The hot pressing temperature depends on the type of the ion exchange membrane, but is usually 100 ° C. or higher, preferably 130 ° C. or higher, more preferably 150 ° C. or higher.
[0033]
As a method of manufacturing an MEA other than the above, there is a method described in "J. Electrochem. Soc. Vo. L139, No. 2, L28-L30 (1992)". According to this, after dissolving a fluorine-based ion exchange resin in a mixed solution of alcohol and water,₃Make a solution converted to Na. Next, a certain amount of platinum-supported carbon is added to this solution to form an ink-like solution. Separate SO₃The ink-like solution is applied to the surface of the ion exchange membrane that has been converted to the Na type, and the solvent is removed. Finally, replace all ion exchange groups with SO₃The MEA is created by returning to the H type. The present invention can be applied to such an MEA.
[0034]
(Fuel cell manufacturing method)
Next, a method for manufacturing a solid polymer electrolyte fuel cell will be described. A solid polymer electrolyte fuel cell includes an MEA, a current collector, a fuel cell frame, a gas supply device, and the like. The current collector (bipolar plate) is a graphite or metal flange having a gas flow path on the surface, etc., and supplies hydrogen and oxygen to the MEA surface in addition to transmitting electrons to an external load circuit. It has a function as a flow path. By inserting MEAs between such current collectors and stacking a plurality of them, a fuel cell can be produced. The operation of the fuel cell is performed by supplying hydrogen to one electrode and oxygen or air to the other electrode. The higher the operating temperature of the fuel cell is, the higher the catalyst activity is, which is preferable. However, the fuel cell is usually operated at 50 ° C. to 100 ° C. where the water management is easy. On the other hand, a reinforced ion exchange membrane as in the present invention may be able to operate at 100 ° C. to 150 ° C. by improving the high temperature and high humidity strength. The supply pressure of oxygen or hydrogen is preferably higher as the output of the fuel cell is higher, but it is preferable to adjust the supply pressure to an appropriate pressure range since the probability of contact between the two due to breakage of the membrane increases.
[0035]
BEST MODE FOR CARRYING OUT THE INVENTION
Hereinafter, the present invention will be described in more detail based on examples, but the present invention is not limited to the examples. The evaluation method performed in the example is as follows.
(1) Film thickness
After leaving the ion-exchange membrane in the acid form in a constant temperature chamber at 23 ° C. and 65% for 1 hour or more, the measurement is performed using a film thickness meter (Toyo Seiki Seisakusho: B-1).

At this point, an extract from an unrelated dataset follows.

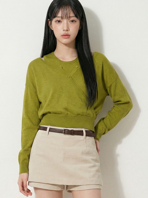 [탑걸] 버튼 랩 레이어드 니트 탑_T611TP126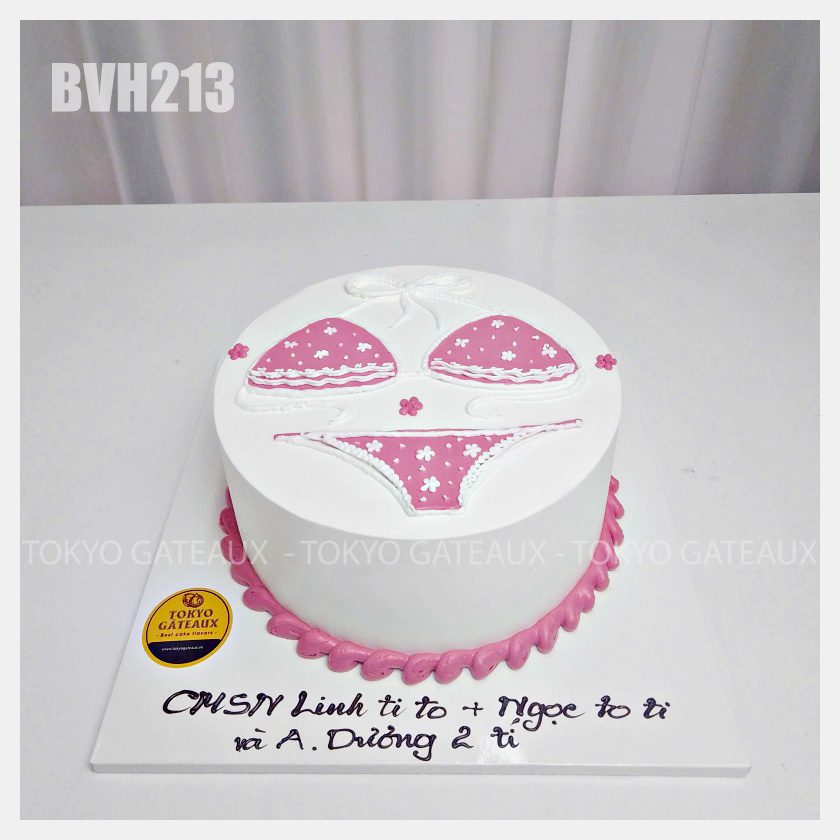 _ Bánh cốt vani, kem tươi, trang trí vẽ hình bikini.

(2) Plane orientation degree
After the acid-exchanged ion exchange membrane is allowed to stand in a thermostat at 23 ° C. and 65% for 12 hours or more, the refractive index in each of three directions is measured using an automatic birefringence meter KOBRA-21ADH manufactured by Oji Scientific Instruments.
Embedded image

[0036]
(3) Heat shrinkage at 160 ° C
After the acid-exchanged ion-exchange membrane is left in a thermostat at 23 ° C. and 65% for 12 hours or more, the membrane area before heating is measured. Thereafter, the film is immersed in a silicone oil bath heated to 160 ° C. for 10 seconds and then taken out, and the film area after heating is measured while taking care not to absorb moisture. From these, the thermal shrinkage H at 160 ° C. is calculated using the following equation._a(%).
H_a= ((A₁-A₂) / A₁) × 100
A₁: Film area before heating (cm²), A₂: Film area after heating (cm²)
[0037]
(4) Equivalent weight
Acid type ion exchange membrane about 2-10cm²Is immersed in 30 ml of a 25 ° C. saturated NaCl aqueous solution and left for 30 minutes with stirring, and then subjected to neutralization titration using a 0.01 N aqueous sodium hydroxide solution using phenolphthalein as an indicator. After the neutralization, the obtained Na-type ion exchange membrane is rinsed with pure water, dried in vacuum, and weighed. The equivalent weight of sodium hydroxide required for neutralization is defined as M (mmol), and the weight of the Na-type ion exchange membrane is defined as W (mg), and the equivalent weight EW (g / eq) is determined from the following equation. EW = (W / M) −22
(5) Melt index
The melt index of the fluorine-based ion exchange resin precursor measured at a temperature of 270 ° C. and a load of 2.16 kg was defined as MI (g / 10 minutes) based on JIS @ K-7210.
[0038]
(6) Actual stretch ratio
Thickness T of precursor film before stretching_bAnd the film thickness T when measuring the converted piercing strength_aThen, the actual stretching ratio is determined using the following equation.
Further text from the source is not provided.